Force or Prevent WWW subdomain with lighttpd

Add one of the following lines to /etc/lighttpd/lighttpd.conf to either prevent the www subdomain or force it. You’ll need to change the code to use your domain name, of course. The redirect will preserve the page the user was visiting, e.g. the /blog/post/200 will be appended to the target domain.

Why would someone want to prevent or force the subdomain? Well, if someone logs into your website using one domain, their cookie’s might not be available on the other. Also, having the same pages accessible with two different URLs can ding you in SEO points (unless you use the canonical tag).

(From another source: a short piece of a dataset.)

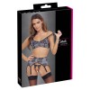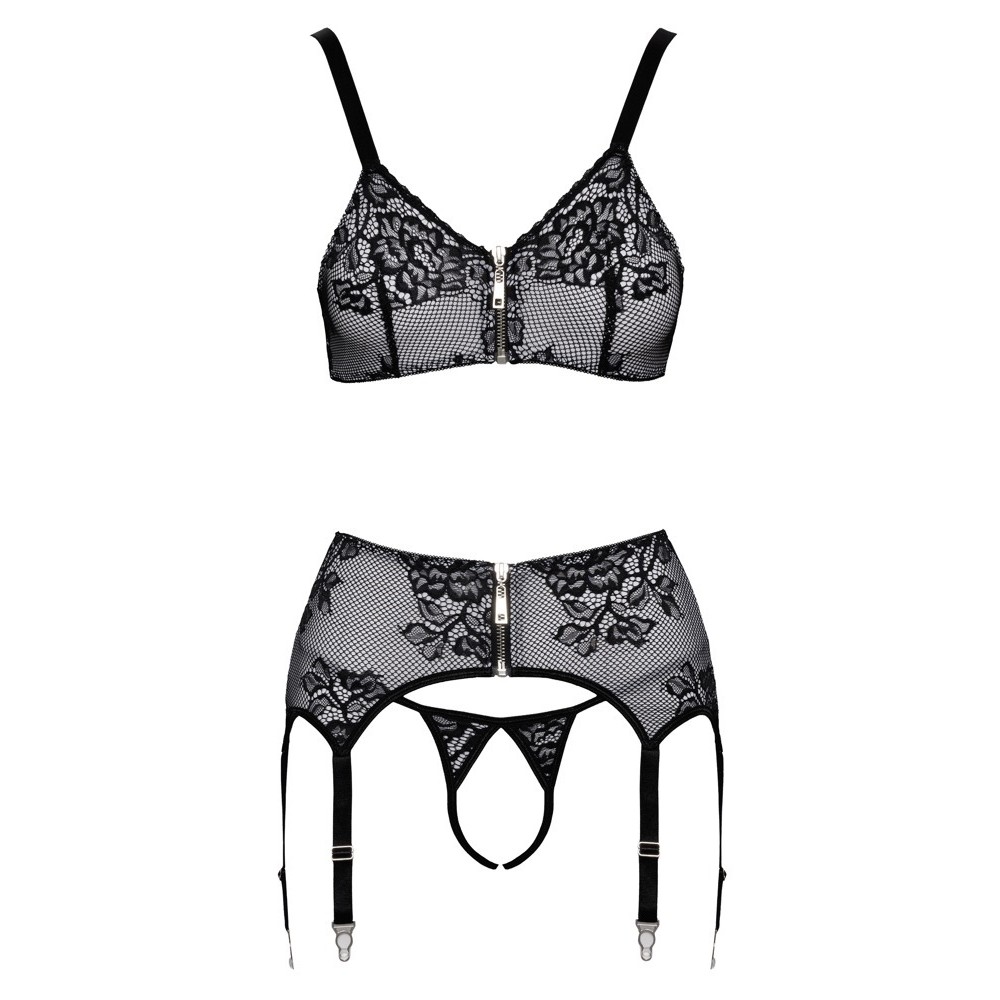 Soutien-gorge souple, ceinture de suspension et ensemble string sans entrejambe de Cottelli LINGERIE. Les 3 pièces de lingerie sont noires avec des devants blancs recouverts de fine dentelle noire. La matière souple et élastique les rend très confortables à porter. Les détails en métal argenté complètent le look élégant. Le soutien-gorge et la ceinture de suspension ont une fermeture éclair à l'avant et un crochet à l'arrière. Les bretelles et les 6 jarretelles sont réglables. Le string séduit par son entrejambe complètement exposé.

If someone loads a resource on one of the domains (such as an image), it will need to be re-downloaded on the other domain.

# Disable WWW Subdomain
$HTTP["host"] =~ "^www.(.*)" {
    url.redirect = (
        "^/(.*)" => "http://%1/$1"
    )
}

# Force WWW Subdomain
$HTTP["host"] =~ "^example.com$" {
    url.redirect = (
        "^/(.*)" => "http://www.example.com/$1"
    )
}

3 Responses to “Force or Prevent WWW subdomain with lighttpd”

  1. You forgot to escape the dots in the hosts.

    Reply
  2. Hi, im having the exact problem, had some problem at beggining and google created infinite number of links to my website, such as:
    http://www.www.firsatpedia.com ,www.x.xx.firsatpedia.com and so on.
    I used colonical later but problem and crawling still occurs, how can I just not respond those sub domains?
    I used ur above code without deleting old one but it produced some weird redirctions.
    http://www.firsatpedia.com

    # firsatpedia
    $HTTP["host"] =~ "(^|\.)firsatpedia\.com$" {
        fastcgi.server = (
            "/django.fcgi" => (
                "main" => (
                    "socket" => env.HOME + "/firsatpedia/firsatpedia.sock",
                    "check-local" => "disable",
                )
            ),
        )
        alias.url = (
            "/media" => env.HOME + "/firsatpedia/firsatpedia/media",
            "/static" => env.HOME + "/firsatpedia/firsatpedia/static",
        )
    
        url.rewrite-once = (
            "^(/media.*)$" => "$1",
            "^(/static.*)$" => "$1",
            "^/favicon\.ico$" => "/media/favicon.ico",
            "^(/.*)$" => "/django.fcgi$1",
        )
    }
    Reply
    • Perhaps try something like this:

      $HTTP["host"] =~ "^(www\.)?firsatpedia\.com$" {

      Notice the caret (^) at the beginning, which matches from the beginning of the host string. Your example was missing it, and was saying, match from either the beginning of the string or from a period.